Hi there,
Thanks for reaching out!
Happy to give you some initial thoughts on your campaign. Looking at the numbers you've shared, I can see why you're frustrated. Getting so many people to add to cart without a single sale is a classic problem, but maybe not for the reason you think. The good news is your ads are almost certainly NOT the issue. The bad news is the problem likely lies with your website, which is often a harder pill to swallow.
Let's walk through what's likely happening and what you can do about it.
TLDR;
- Your ad metrics (CTR, CPC, CPM) are actually very good for a £10/day budget. This tells me your ads are successfully finding interested people for a low cost. Don't change your ads yet.
- The problem is a massive drop-off between the 'Add to Cart' and 'Purchase' stages. You have a leaky bucket, and the hole is at the very bottom.
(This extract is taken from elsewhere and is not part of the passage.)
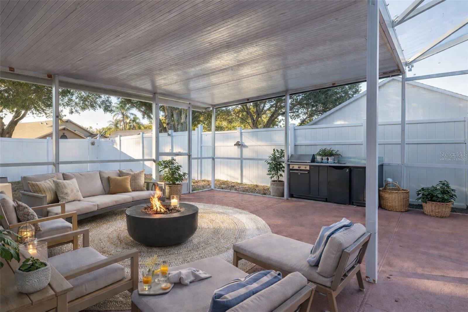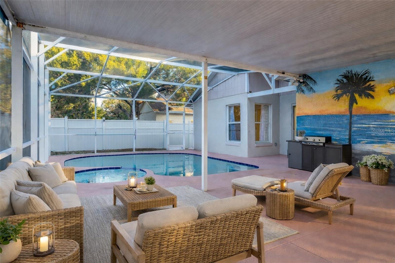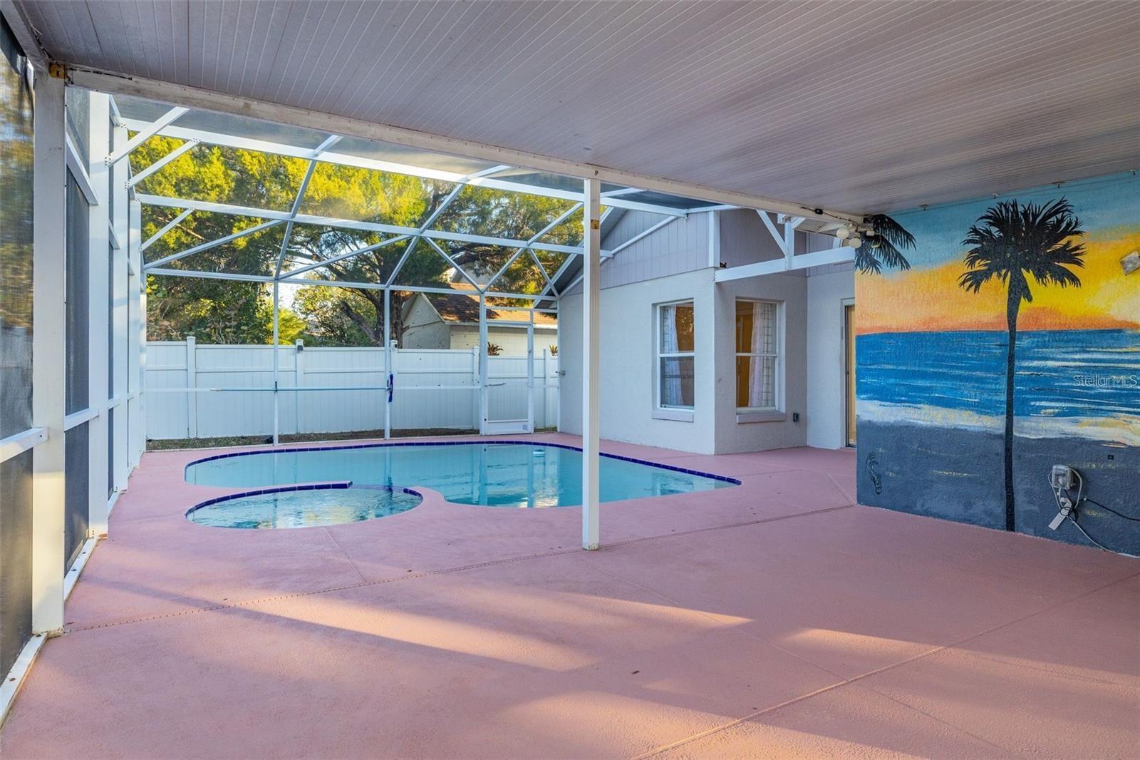 One or more photo(s) has been virtually staged. Move-in-ready. RENT INCLUDES ELECTRICITY. Pool home features 3 beds, 2 baths with BONUS DEN (office, home gym) and 2-car garage. Home comes with washer and dryer. Completed fenced-in. Pet friendly. Pool features a jacuzzi. Lanai is extended and partially covered with extra Fridge and TV - ideal for relaxing and hosting football parties. Master bedroom offers walk-in closet, stand-up shower. Pool access through sliding doors from master bedroom and living room. Recently painted walls with no carpet throughout. Home has generator plug. Community: large pool, tennis court, playground, covered picnic area, access to a 400-acre fishing lake. Close to Highway 27 and Disney Parks. Call to see this home today!!
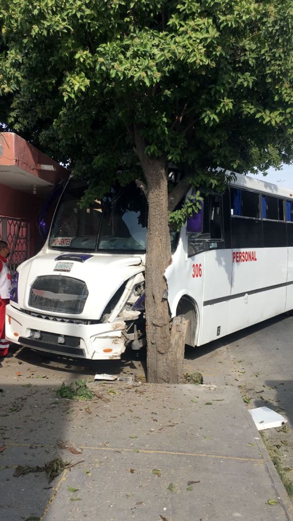 El chófer de un autobús que transportaba personal de «La Pequeña», quien perdiera el control al conducir en exceso de velocidad, se impactó contra un árbol al querer esquivar un vehículo, según información de los elementos de vialidad.

- This is almost always caused by issues on your website, specifically in the cart and checkout process. The most common culprits are unexpected shipping costs, a lack of trust signals, and friction (like forcing account creation).
- Your immediate priority should be to analyse and fix your checkout flow. Stop spending money on ads until you've plugged this leak.
- This letter includes an interactive calculator to show how shipping costs kill sales and a funnel visualisation to pinpoint exactly where you're losing money.
Your ads are probably working fine...
Right, let's get this out of the way first because it's the most common mistake people make. When sales are zero, the immediate reaction is to blame the ads. Tweak the audience, change the creative, panic about the platform. In your case, I'd say that's the wrong move entirely.
Let's look at your numbers:
- CTR (Click-Through Rate): 4.22% -> This is really solid. Anything over 1-2% on Facebook is decent, so 4.22% means the ad creative and copy is resonating with the audience you're targeting. People see it, and they're interested enough to click.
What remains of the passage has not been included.